**Exercise instructions:** In the entries that follow, the lines from the line containing "Dit gebruikte elektrisch" up to and including the line containing "Mischungsverhältnis von Daunen" must be copied exactly, with pictures omitted.

[Opening Available data section]

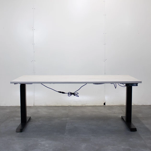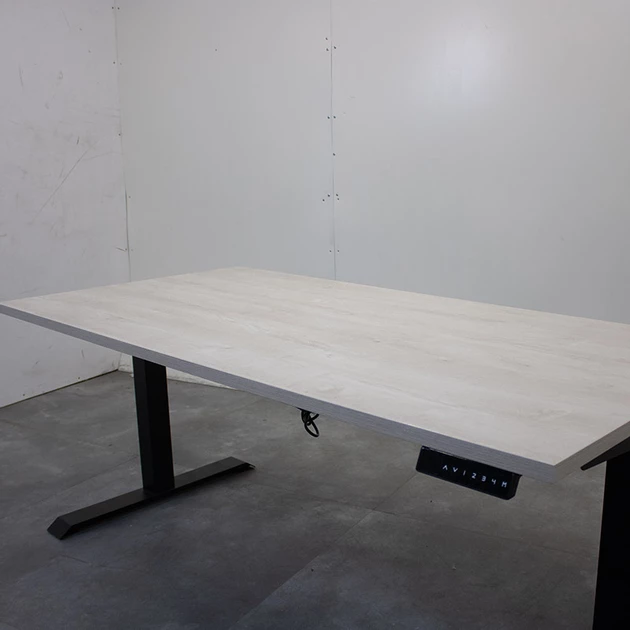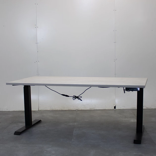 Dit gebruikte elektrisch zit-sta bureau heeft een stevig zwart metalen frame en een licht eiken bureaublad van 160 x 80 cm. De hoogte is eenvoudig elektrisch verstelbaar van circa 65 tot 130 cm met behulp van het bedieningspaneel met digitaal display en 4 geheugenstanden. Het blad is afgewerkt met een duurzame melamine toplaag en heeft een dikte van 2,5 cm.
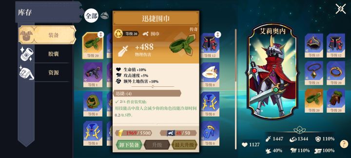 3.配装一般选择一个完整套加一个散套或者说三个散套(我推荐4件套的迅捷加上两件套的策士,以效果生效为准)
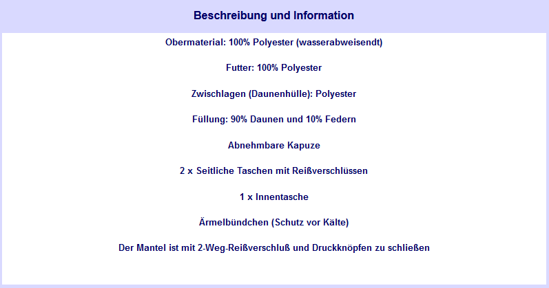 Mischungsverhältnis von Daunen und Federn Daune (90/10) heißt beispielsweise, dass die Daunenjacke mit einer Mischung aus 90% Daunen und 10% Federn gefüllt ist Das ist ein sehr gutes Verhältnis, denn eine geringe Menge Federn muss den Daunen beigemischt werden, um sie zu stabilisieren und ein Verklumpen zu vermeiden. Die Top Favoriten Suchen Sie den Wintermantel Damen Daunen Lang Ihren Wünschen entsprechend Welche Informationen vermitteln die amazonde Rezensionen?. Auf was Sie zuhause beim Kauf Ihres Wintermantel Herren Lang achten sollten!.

[Closing Available data section]
[Opening Available data section]

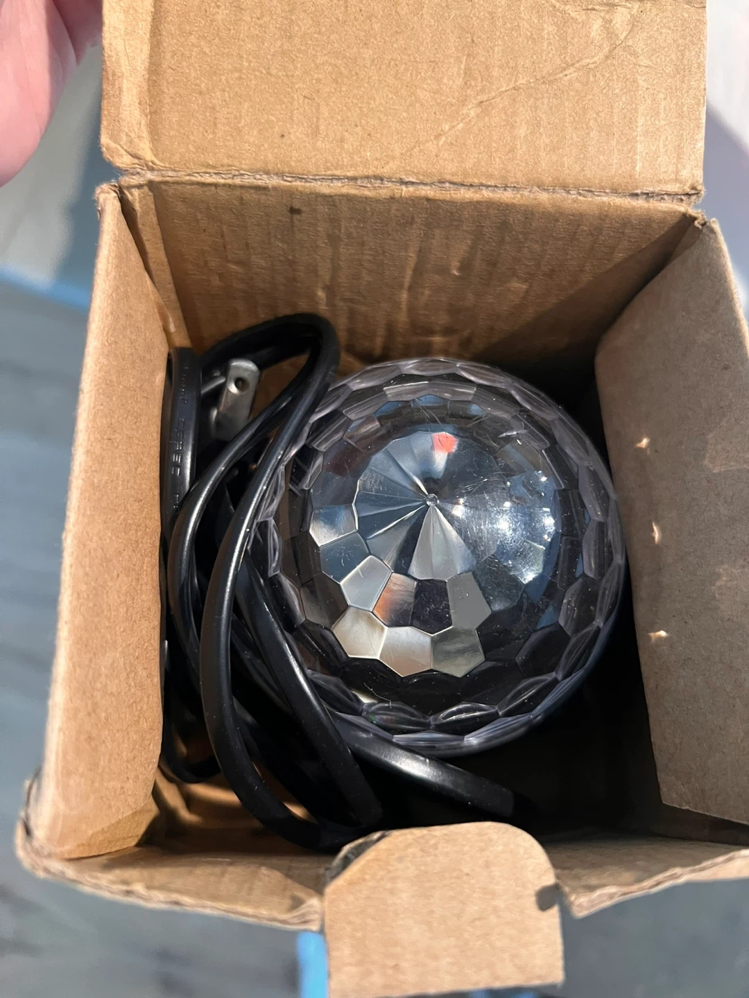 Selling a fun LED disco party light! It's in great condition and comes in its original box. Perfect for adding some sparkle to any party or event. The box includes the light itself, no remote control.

[Closing Available data section]

**Result of the exercise:**
 Dit gebruikte elektrisch zit-sta bureau heeft een stevig zwart metalen frame en een licht eiken bureaublad van 160 x 80 cm. De hoogte is eenvoudig elektrisch verstelbaar van circa 65 tot 130 cm met behulp van het bedieningspaneel met digitaal display en 4 geheugenstanden. Het blad is afgewerkt met een duurzame melamine toplaag en heeft een dikte van 2,5 cm.
 3.配装一般选择一个完整套加一个散套或者说三个散套(我推荐4件套的迅捷加上两件套的策士,以效果生效为准)
 Mischungsverhältnis von Daunen und Federn Daune (90/10) heißt beispielsweise, dass die Daunenjacke mit einer Mischung aus 90% Daunen und 10% Federn gefüllt ist Das ist ein sehr gutes Verhältnis, denn eine geringe Menge Federn muss den Daunen beigemischt werden, um sie zu stabilisieren und ein Verklumpen zu vermeiden. Die Top Favoriten Suchen Sie den Wintermantel Damen Daunen Lang Ihren Wünschen entsprechend Welche Informationen vermitteln die amazonde Rezensionen?. Auf was Sie zuhause beim Kauf Ihres Wintermantel Herren Lang achten sollten!.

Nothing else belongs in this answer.